_WHAT IS BEING ASKED_
Your answer must be the exact lines of the listing below that run from the line with "ここでは注目マシン4機種を個" to the line with "Fototapeta premium Kawaii-style", ends included, and no pictures.

START RECORDS TO USE

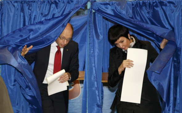 Один из лидеров оппозиции Арсений Яценюк проголосовал утром 28 октября, сообщает "Украинская правда". Политик голосовал вместе со своей женой.
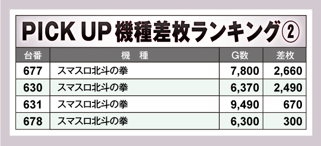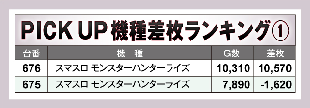 ここでは注目マシン4機種を個別でチェックしていこう。2台ある『スマスロ モンスターハンターライズ』は、676番台がトップ差枚だったかわりに675番台がマイナス差枚と大きな開きができてしまった。『スマスロ北斗の拳』は全台がプラス差枚で、上々の結果といえるだろう。
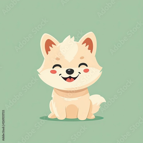 Fototapeta premium Kawaii-style happy dog illustration, showcasing a playful expression and lovable features that make hearts melt.
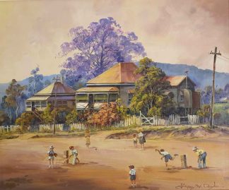 Born in Ipswich, Queensland, D’Arcy Doyle was a 20th-century Australian painter known for his nostalgic depictions of his home country and renowned for his ability to capture light and movement in his depictions of life and Queensland landscapes. It was his childhood home at 39 Darling Street together with the residents of the street and the surrounding environment (particularly the jacaranda trees) which were later to figure prominently in his paintings.
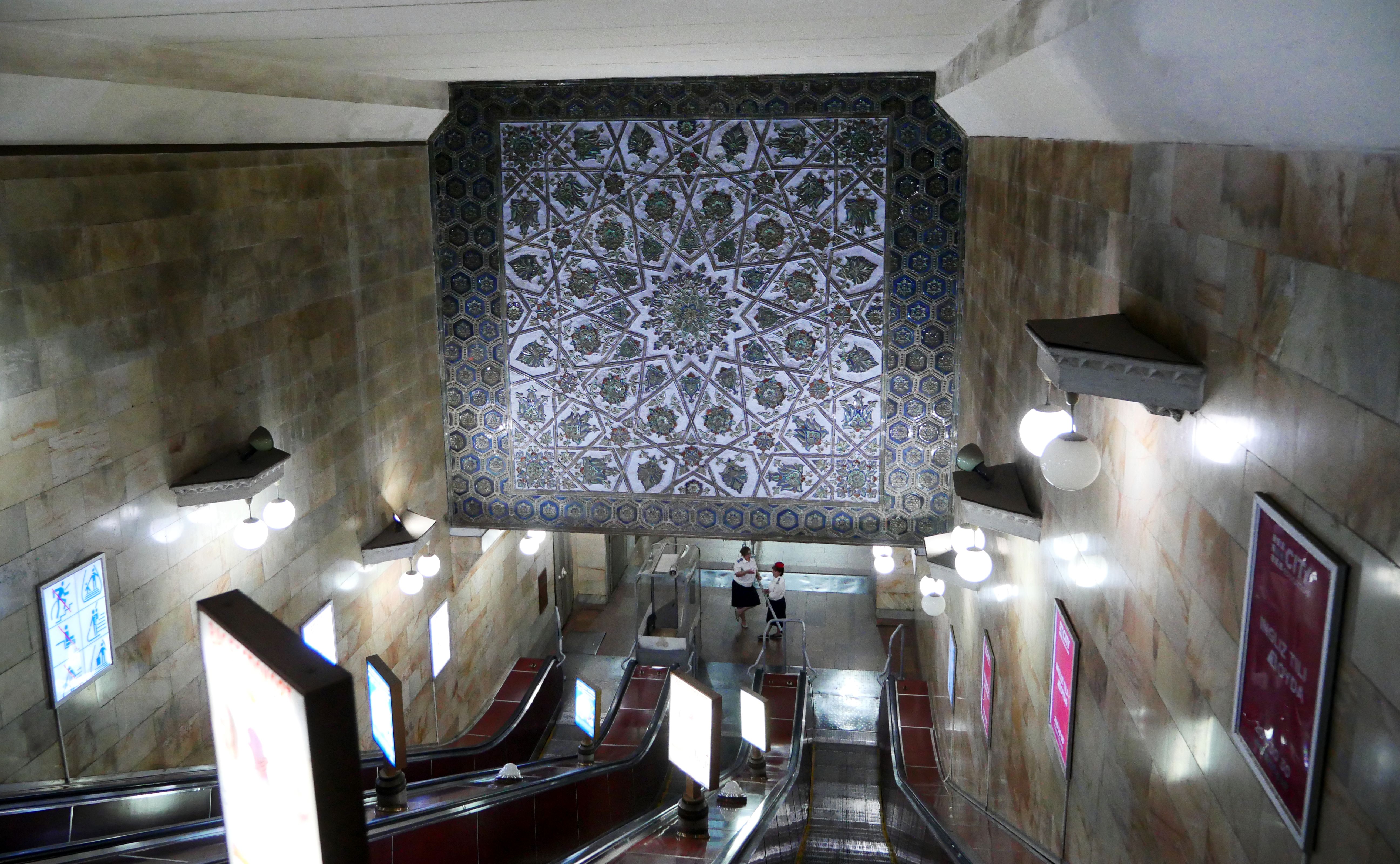 Many of the Metro stations were “decommunized” and had their names changed after the breakup of the U.S.S.R. in 1991. Amir Temur Khiyoboni (Amir Temur Square) station (pictured) is the former October Revolution station.
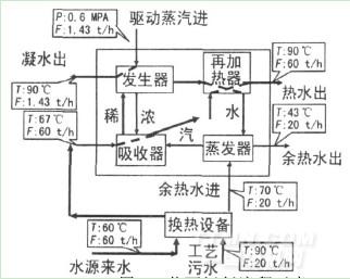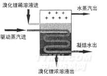 技术原理 在压力一定的条件下,不同的物质,水和溴化锂的蒸发温度不同。在发生器内,利用外界驱动热源的热量,对溴化锂稀溶液进行浓缩,产生的浓溶液进入吸收器进行吸收,同时产生的水蒸汽进入再加热器,对热媒进行再次加热。

END RECORDS TO USE

_ANSWER TO THIS EXERCISE_
 ここでは注目マシン4機種を個別でチェックしていこう。2台ある『スマスロ モンスターハンターライズ』は、676番台がトップ差枚だったかわりに675番台がマイナス差枚と大きな開きができてしまった。『スマスロ北斗の拳』は全台がプラス差枚で、上々の結果といえるだろう。
 Fototapeta premium Kawaii-style happy dog illustration, showcasing a playful expression and lovable features that make hearts melt.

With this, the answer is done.